Unnamed: 0,id,birth_date,first_name,last_name,gender,hire_date
0,10001,1953-09-02,Georgi,Facello,M,1986-06-26
1,10002,1964-06-02,Bezalel,Simmel,F,1985-11-21
2,10003,1959-12-03,Parto,Bamford,M,1986-08-28
3,10004,1954-05-01,Chirstian,Koblick,M,1986-12-01
4,10005,1955-01-21,Kyoichi,Maliniak,M,1989-09-12


In [9]:
salary = pd.read_sql_query("select * from employees.salary",connection)
salary.head()

Unnamed: 0,employee_id,amount,from_date,to_date
0,10001,60117,1986-06-26,1987-06-26
1,10001,62102,1987-06-26,1988-06-25
2,10001,66074,1988-06-25,1989-06-25
3,10001,66596,1989-06-25,1990-06-25
4,10001,66961,1990-06-25,1991-06-25


In [10]:
title = pd.read_sql_query("select * from employees.title",connection)
title.head()

Unnamed: 0,employee_id,title,from_date,to_date
0,10001,Senior Engineer,1986-06-26,9999-01-01
1,10002,Staff,1996-08-03,9999-01-01
2,10003,Senior Engineer,1995-12-03,9999-01-01
3,10004,Engineer,1986-12-01,1995-12-01
4,10004,Senior Engineer,1995-12-01,9999-01-01


### Find counts of each and every table

In [11]:
print(department_name.shape)
print(department_employee.shape)
print(department_manager.shape)
print(employee.shape)
print(salary.shape)
print(title.shape)

(9, 2)
(331603, 4)
(24, 4)
(300024, 6)
(1141783, 4)
(443308, 4)


###  Which department has the highest average salary of active employees ?

In [24]:
def get_department_wise_avg_salary():
    query = """ select dept_name ,avg(amount)as avg_salary
                from employees.department_employee de
                LEFT JOIN employees.salary  s
                ON s.employee_id = de.employee_id
                LEFT JOIN employees.department d
                ON d.id = de.department_id
                where extract(year from s.to_date) = 9999 AND extract(year from de.to_date) = 9999
                group by dept_name 
                order by avg_salary desc"""

    connection = connect_to_db()
    salary_info_all_dept = pd.read_sql_query(query, connection) 
    connection.close()  

    plt.figure(figsize=(7,5))
    sns.barplot(data = salary_info_all_dept, x = "dept_name", y = "avg_salary")
    plt.xlabel("Department")
    plt.ylabel("Average Salary")
    plt.title("Department-wise Average Salary")
    plt.xticks(rotation=90)  
    plt.tight_layout()  
    plt.show()
    return salary_info_all_dept[salary_info_all_dept['avg_salary'] == max(salary_info_all_dept['avg_salary'])]


 Sales Department has the highest average salary then followed by Marketing and Finance

### Which title has the highest avg salary?

In [32]:
def get_title_wise_avg_salary():
    query = """ select title ,avg(amount) AS avg_salary
            from employees.title t
            inner join employees.salary  s
            ON t.employee_id = s.employee_id
            where extract(year from s.to_date) = 9999 and extract(year from t.to_date) = 9999
            group by title 
            order by avg_salary desc"""

    connection = connect_to_db()
    salary_info_all_titles = pd.read_sql_query(query,connection)
    connection.close() 
    
    sns.barplot(data = salary_info_all_titles,x = "title",y = "avg_salary")
    plt.xlabel("Department")
    plt.ylabel("Average Salary")
    plt.title("Title-wise Average Salary")
    plt.xticks(rotation=90)  
    plt.tight_layout()  
    plt.show()
    return  salary_info_all_titles[salary_info_all_titles['avg_salary'] == max(salary_info_all_titles['avg_salary'])]

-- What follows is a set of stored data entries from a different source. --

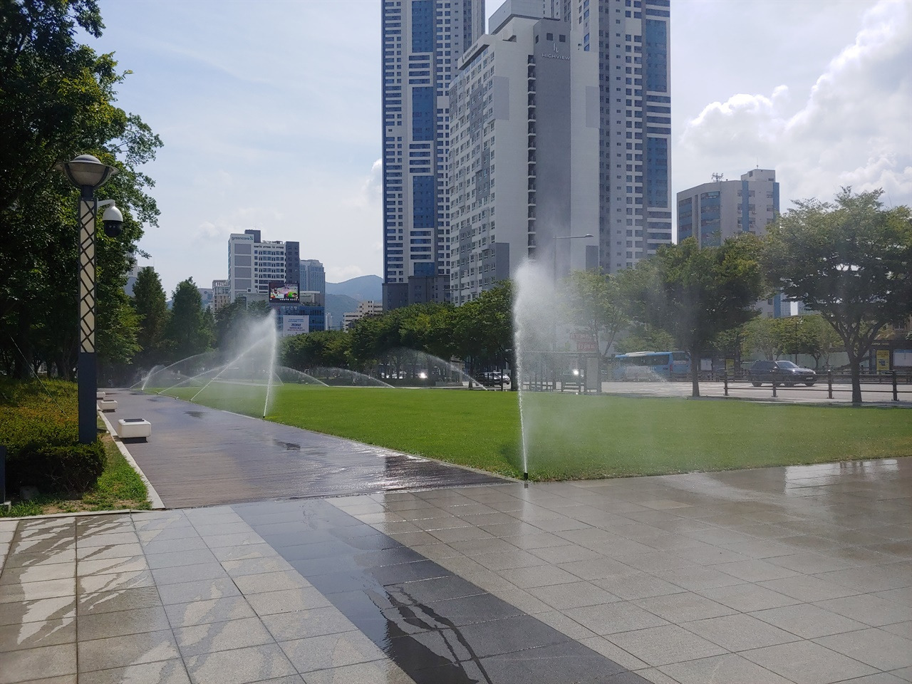 ▲ 부산 서면 근처의 송상현광장 연제구에서 부산진구로 이어지는 길에 있는 송상현광장. 오븐에 바싹 구워진 나는 급수받는 잔디가 되기로 했다. 젖는다며 만류하는 관리요원분들께 "괜찮아요!!"라 외치며 느긋하게 자전거를 끌었다. 물줄기가 몸을 훑는 순간, 하, 이게 또 맛이로구나.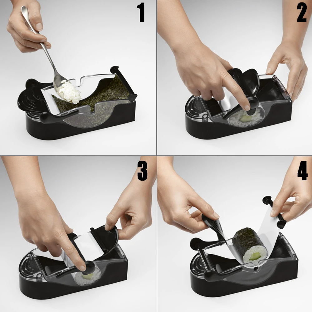 Cet ustensile de cuisine est et vous permettra d’obtenir des en un tour de main ! Vos sushis maki ne sont jamais bien ronds ? çà c’était avant ! Insérez les ingrédients, rabattez l’étrier, tirez la languette et c’est fini ! vous obtiendrez . La machine à sushis makis est peu encombrante et vous permettra ainsi de préparer des sushis salés ou sucrés mais également de délicieux rouleaux de légumes, viande, fromage… il n’y a qu’à laisser libre cours à votre imagination en vous inspirant des quelques idées recette fournies dans le mode d’emploi. Le qui adore les sushis !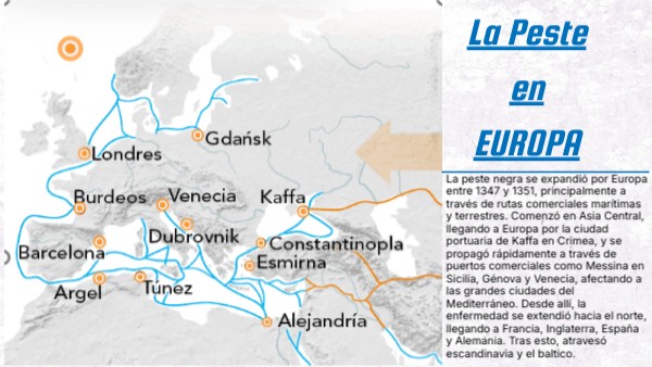 La peste negra se expandió por Europa entre 1347 y 1351, principalmente a través de rutas comerciales marítimas y terrestres. Comenzó en Asia Central, llegando a Europa por la ciudad portuaria de Kaffa en Crimea, y se propagó rápidamente a través de puertos comerciales como Messina en Sicilia, Génova y Venecia, afectando a las grandes ciudades del Mediterráneo. Desde allí, la enfermedad se extendió hacia el norte, llegando a Francia, Inglaterra, España y Alemania. Tras esto, atravesó escandinavia y el baltico.

Senior Staff has the highest average salary followed by staff then manager

### Distribution of salary across titles.

In [41]:
def salary_dist_across_titles():
    query = """ select title, sum(amount) as amount 
            from employees.title t
            inner join employees.salary s
            on t.employee_id = s.employee_id
            where extract(year from s.to_date) = 9999 and extract(year from t.to_date) = 9999
            group by title """

    connection = connect_to_db()
    distribution_of_salary_of_titles = pd.read_sql_query(query, connection)
    connection.close()  

    plt.pie(distribution_of_salary_of_titles['amount'], labels=distribution_of_salary_of_titles['title'], autopct='%1.1f%%')
    plt.title("Titlewise Salary Distribution")
    plt.axis('equal')  
    plt.tight_layout()
    plt.show()

### Distribution of salary across departments

In [44]:
def salary_dist_across_depts():
    query = """ select dept_name, sum(amount) as amount
            from employees.department_employee de
            inner join employees.salary s
            on de.employee_id= s.employee_id
            inner join employees.department d
            on d.id = de.department_id
            where extract(year from de.to_date) = 9999 and extract(year from s.to_date) = 9999
            group by dept_name """

    connection = connect_to_db()
    salary_of_departments = pd.read_sql_query(query,connection)
    connection.close()  

    plt.pie(salary_of_departments['amount'], labels=salary_of_departments['dept_name'], autopct='%1.1f%%')
    plt.title("Department-wise Salary Distribution")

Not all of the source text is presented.